My husband and I are VERY worried about our future, gas and food prices rising daily. We’ve had our savings dwindle with the cost of living into the stratosphere, we are finding it impossible to replace them. We can get by, but we can’t seem to get ahead. My condolences to anyone retiring in this crisis, 40years nonstop just for a corrupt system to take all you worked for..
I feel your pain mate, as a fellow retiree, I’d suggest you look into passive index fund investing and learn some more. For me, I had my share of ups and downs when I first started looking for a consistent passive income so I hired an expert advisor( FA) for aid and following her advice, I poured $30k in value stocks and digital assets, over 200k in profits so far and pretty sure I'm ready for whatever comes.
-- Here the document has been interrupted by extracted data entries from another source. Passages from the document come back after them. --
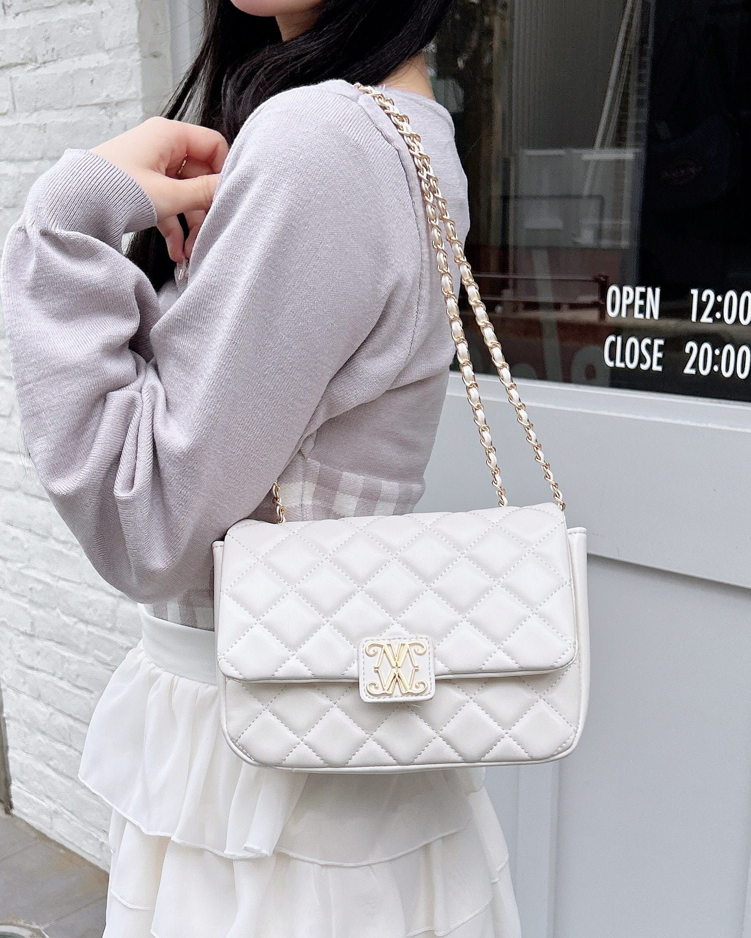 大人上品なキルティングデザインのショルダーバッグ。
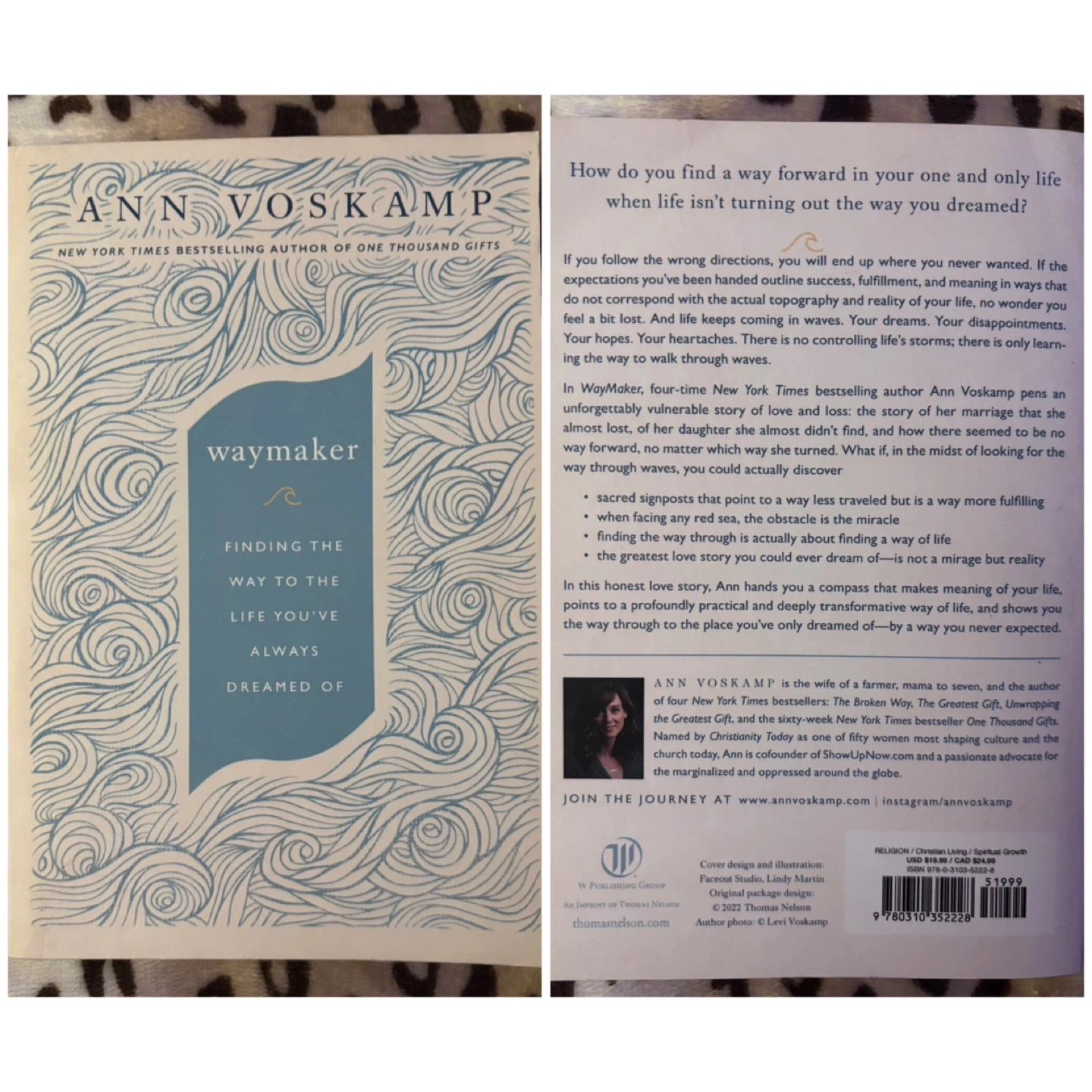 For sale is a copy of "WayMaker" by Ann Voskamp. It's a New York Times bestseller and explores themes of love, loss, and finding meaning in life. The cover design is really beautiful with a wave motif! Retails for $24.99 CAD.
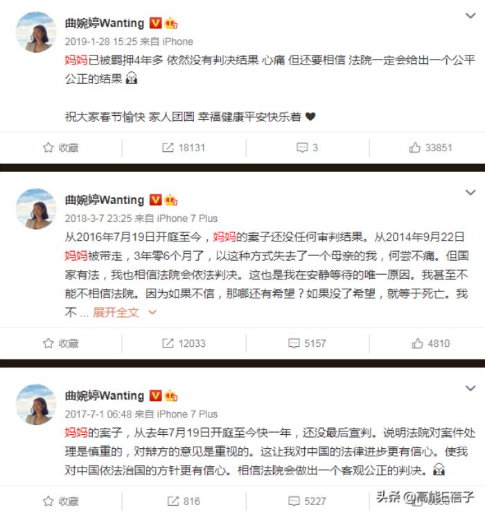 而在微博,则是以替妈妈喊冤为主。每年为妈妈在微博发声一次,已经成了她的习惯。
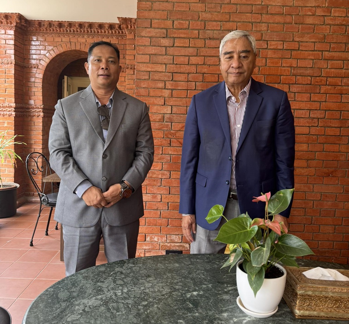 काठमाडौं । रञ्जिता श्रेष्ठलाई पार्टी अध्यक्षबाट हटाएको भोलिपल्टै नागरिक उन्मुक्ति पार्टीका संरक्षक रेशमलाल चौधरीले कांग्रेस सभापति शेरबहादुर देउवालाई भेटेका छन् । बिहीबार बिहान देउवा निवास बुढानिलकण्ठ पुगेका चौधरीले पछिल्लो समय सिर्जित राजनीतिक घटनाक्रमबारे कुराकानी भएको बताएका छन् ।

@@eriklong6152 The crazy part is that those advisors are probably outperforming the market and raising good returns but some are charging fees over fees that drain your portfolio. Is this the case with yours too?
@@susangore7571 My advisor is ANNA HAMILTON I found her on Bloomberg where she was featured and reached out to her afterwards. You can look her up online if you care for supervision, just search her name.
@@eriklong6152 Thanks for sharing, I just looked her up adding Financial Advisor to her name search online, found her and I would say she really does have an impressive background on Retirement /investing
The fact that "iPhone" is pretty much synonymous with "smartphone" here and for many people shows the sheer amount of people using iPhones in the US...and as someone who knows many things about technology and uses Android on a daily basis, it's kinda sad that most people won't even know about the latest innovations outside Apple, especially ones from Chinese manufacturers. Don't get me wrong, Apple makes amazing products, but so do other tech companies. I do have to commend Apple for its focus on privacy, security, and digital wellbeing though...they do prove to be more caring about the user than many other software providers.
Oh poor Apple. Never admitting they made something wrong or somebody invented something first. This corporate arrogance is something I do not like. This is the primary reason, why I am not their customer.
Great video and the technology is still ever so scary! +handing personal devices to entertain kids in restaurants as well as my own son (now 18) using his device in a restaurant still irks me!
iPhones open my house doors, control my Tesla, solar, powerwall, and apple play. No more car keys, no more house keys, no more credit card. The iwatch makes it even easier.